Federal Government Incompetence Watch, Part II
Eric Schmitt and David Rohde write in the New York Times: "A pair of new reports have delivered sharply critical judgments about the State Department's performance in overseeing work done by the private companies that the government relies on increasingly in Iraq and Afghanistan to carry out delicate security work and other missions.
"A State Department review of its own security practices in Iraq assails the department for poor coordination, communication, oversight and accountability involving armed security companies like Blackwater USA, according to people who have been briefed on the report. . . .
"[I]n presenting its recommendations to Rice in a 45-minute briefing on Monday, the four-member panel found serious fault with virtually every aspect of the department's security practices, especially in and around Baghdad, where Blackwater has responsibility. . . .
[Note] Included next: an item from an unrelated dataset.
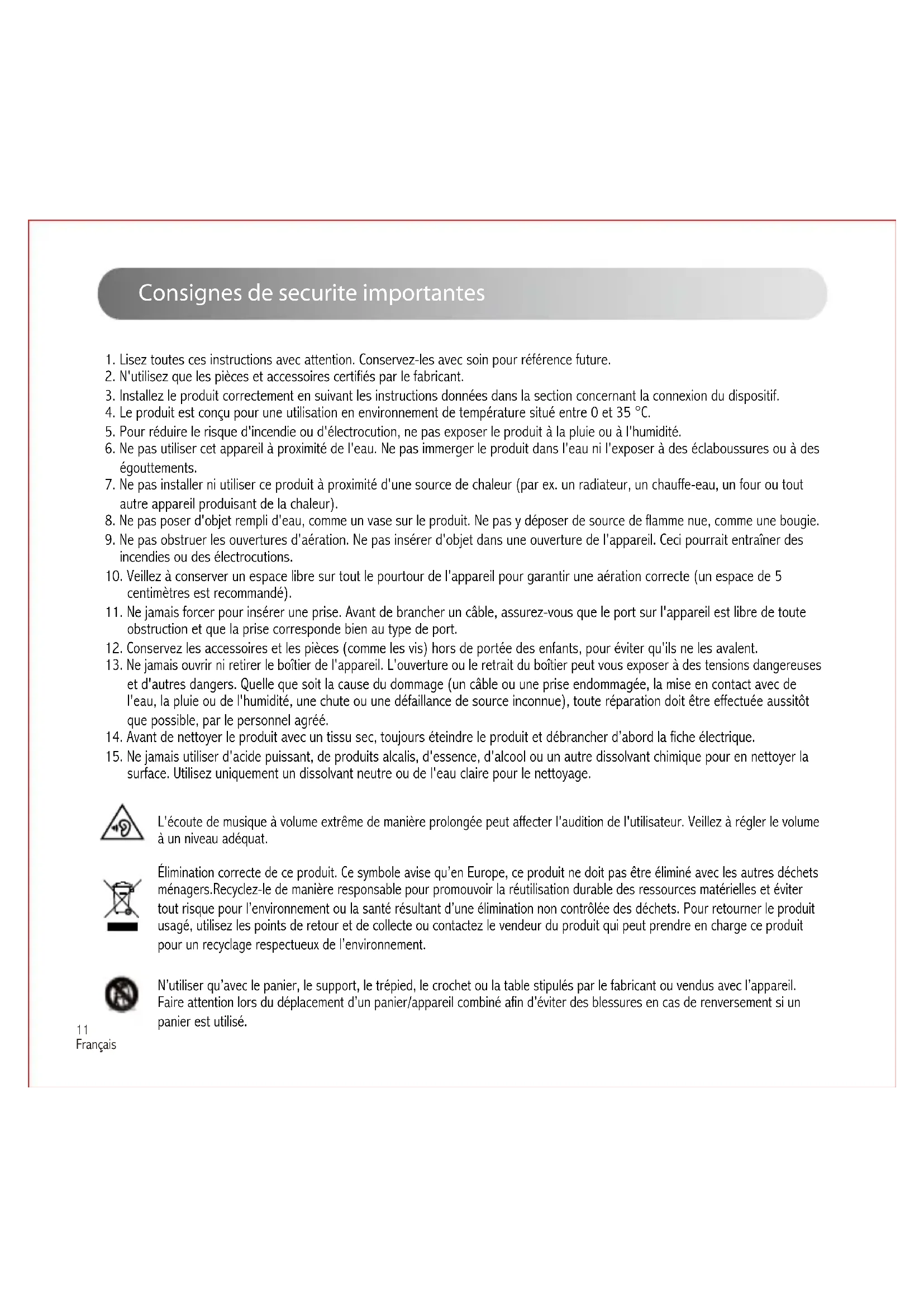 Français L'écoute de musique à volume extrême de manière prolongée peut affecter l'audition de l'utilisateur. Veillez à régler le volume à un niveau adéquat. Élimination correcte de ce produit. Ce symbole avise qu’en Europe, ce produit ne doit pas être éliminé avec les autres déchets ménagers.Recyclez-le de manière responsable pour promouvoir la réutilisation durable des ressources matérielles et éviter tout risque pour l’environnement ou la santé résultant d’une élimination non contrôlée des déchets. Pour retourner le produit usagé, utilisez les points de retour et de collecte ou contactez le vendeur du produit qui peut prendre en charge ce produit pour un recyclage respectueux de l’environnement. N’utiliser qu’avec le panier, le support, le trépied, le crochet ou la table stipulés par le fabricant ou vendus avec l’appareil. Faire attention lors du déplacement d’un panier/appareil combiné afin d’éviter des blessures en cas de renversement si un panier est utilisé.

"At the same time, a government audit expected to be released Tuesday says that records documenting the work of DynCorp, the State Department's largest contractor, are in such disarray that the department cannot say 'specifically what it received' for most of the $1.2 billion it has paid the company since 2004 to train the police officers in Iraq."
Candidate Watch
Where do the presidential candidates stand on rolling back Bush's executive-power grab? I'll try to keep an eye on their statements.
Michael Tomasky writes in the Guardian: "Hillary Clinton would launch a policy review as president with an eye towards giving up some of the executive powers accumulated by George Bush, she tells Guardian America in an interview today. . . .
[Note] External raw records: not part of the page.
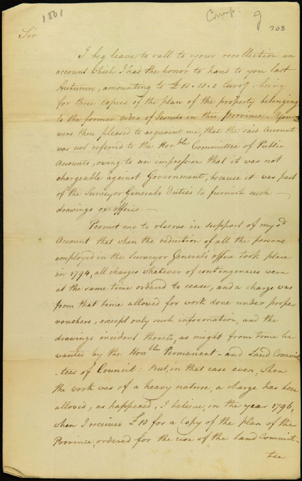 Lettre de William Vondenvelden, qui agit à titre d'assistant de l'arpenteur général depuis six ans, à Herman Witsius Ryland [secrétaire civil du gouverneur] à propos d'un compte relatif à trois copies du plan des propriétés relevant des biens des Jésuites, 17 novembre 1801, Archives nationales à Québec, Fonds Ministère des Terres et Forêts, (03Q,E21,S64,SS5,SSS2,D708).
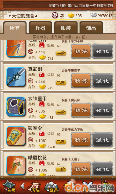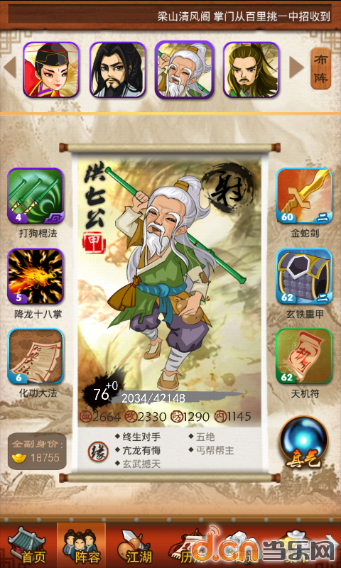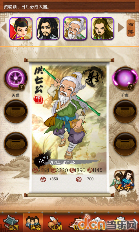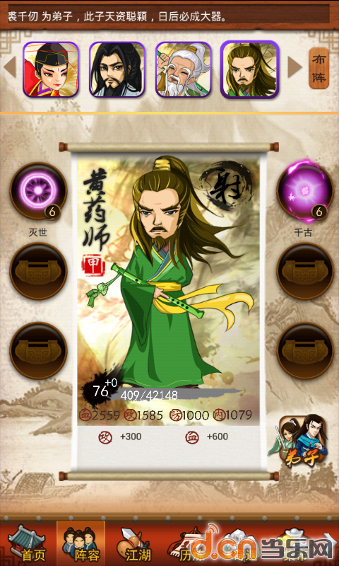 之后经过系统一系列教导会给你第二个乙,推荐出裘千仞(多建小号刷),之后江湖往后推,3级可以招第三个弟子,推到第二关boss慕容复,好运的话爆将军铠,这件装备可以用很久,然后继续推到第三关boss鸠摩智,这个爆的圆月弯刀可以用很久。
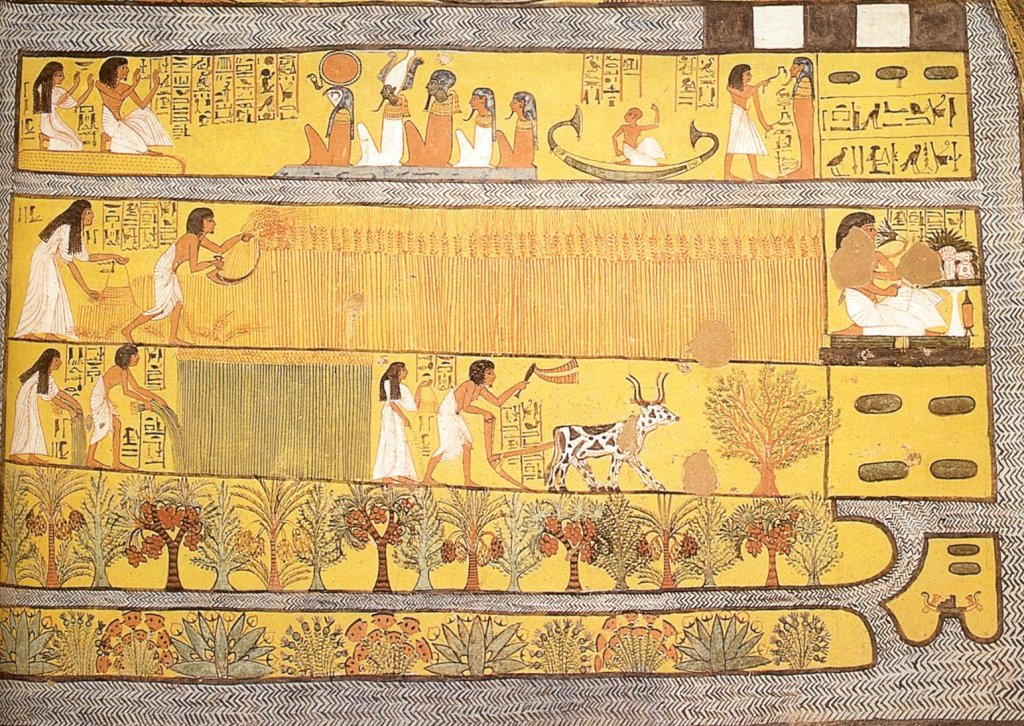 Plusieurs participants ont évoqué la moisson de blé, elle est présente sur la fresque au dessus de la scène qui nous intéresse. D’autres ont pensé à la récolte du mil, du roseau, de la canne à sucre, du papyrus…Des hypothèses intéressantes, mais il s’agit en réalité d’une autre plante…un indice ?
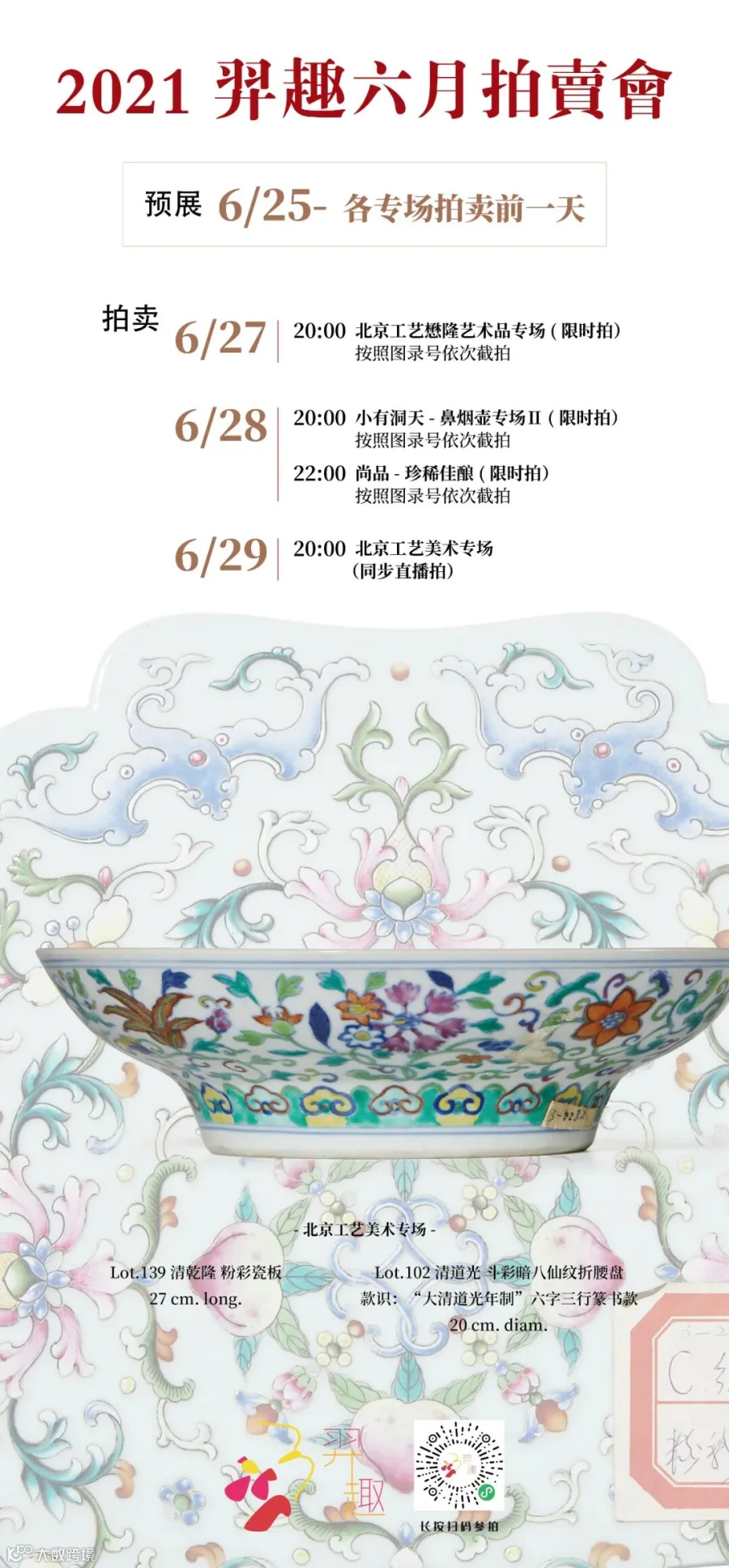 2021羿趣六月拍卖会将推出“北京工艺美术”专场,将为各位呈现多件由中国工艺美术大师、北京市工艺美术大师、亚太地区手工艺大师及非物质文化遗产传承人等人的作品。本专场旨在为各位展现中国传统非遗技艺的巧妙绝伦。在弘扬传承中国文化的大时代下,中国传统工艺得到了广大收藏爱好者的欢迎。景泰蓝庄重典雅的宫廷艺术散发出新时代的光芒,雕漆倾注匠心、精工细琢展现出博大的文化艺术,花丝镶嵌、京绣、宫毯、金漆镶嵌,以传统精湛的优良的制作技艺展现出博大精深的中国艺术文化智慧。
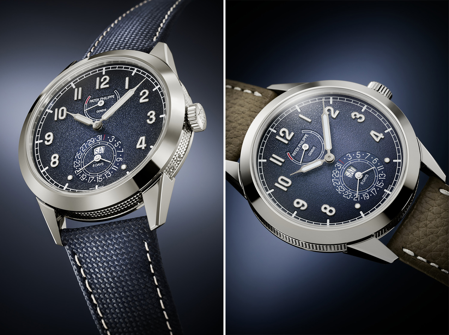 该新作采用41毫米直径的白金表壳,其边缘雕饰百达翡丽标志性的巴黎钉纹;搭配的蓝色纹理表盘采用新颖的纵轴显示布局,边缘呈黑色渐变效果,并饰有白金立体字块、时针及分针。这款腕表配备两款表带,搭配新款专利三折叠式表扣:一款为蓝色小牛皮纹理图案表带,饰乳白色缝线(原配表带);另一款为灰褐色粒面小牛皮表带(附赠表带)。

"On the accumulation of White House power under the current administration, Ms Clinton said the president and Dick Cheney both had taken actions 'beyond any power the Congress would have granted' and - even when congressional authorisation was possible - chosen not to pursue it 'as a matter of principle' . . . .
"Ms Clinton stated it was 'absolutely' conceivable that, as president, she would give up executive powers in the name of constitutional principle.
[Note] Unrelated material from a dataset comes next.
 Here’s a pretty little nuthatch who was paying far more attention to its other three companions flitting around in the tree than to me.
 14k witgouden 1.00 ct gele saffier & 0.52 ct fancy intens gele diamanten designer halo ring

"'That has to be part of the review I undertake when I get to the White House, and I intend to do that,' she said."
Plame, Revisited
David Corn takes a self-congratulatory look back at the Valerie Plame leak case in his final column for The Nation and writes: "The bottom line: this episode demonstrated that the Bush White House was not honest (the vice president's chief of staff was even convicted of lying to law enforcement officials), that top Bush officials had risked national security for partisan gain, and that White House champions outside the government would eagerly hurl false accusations to defend the administration.
"So is anyone apologizing? For ruining Valerie Wilson's career? For perhaps endangering operations and agents? For lying about the leak? For misleading the public about [Karl] Rove's role? For placing spin above the truth? [Deputy secretary of state Richard] Armitage did apologize (via a media interview) to the Wilsons. But no one else involved has. And no one--not Bush, not Cheney, not their aides, not their neocon confederates--has admitted any wrongdoing in this saga.
"It's like the war: false statements, false cover stories, and failure to concede the errors in judgment and action that have caused harm to national security. But the meta-narrative of Bush and his neoconservative allies is one of no apology, no surrender. They say and do what they must to shield themselves from the consequences of their actions. Reality be damned. What matters is what they can get away with. In the case of Valerie Plame Wilson, they did escape retribution. In the larger case of the Iraq war, they are still hoping to."
Cartoon Watch
Garry Trudeau on Bush's compassion; Signe Wilkinson on Bush and Congress; Tom Toles on diplomacy.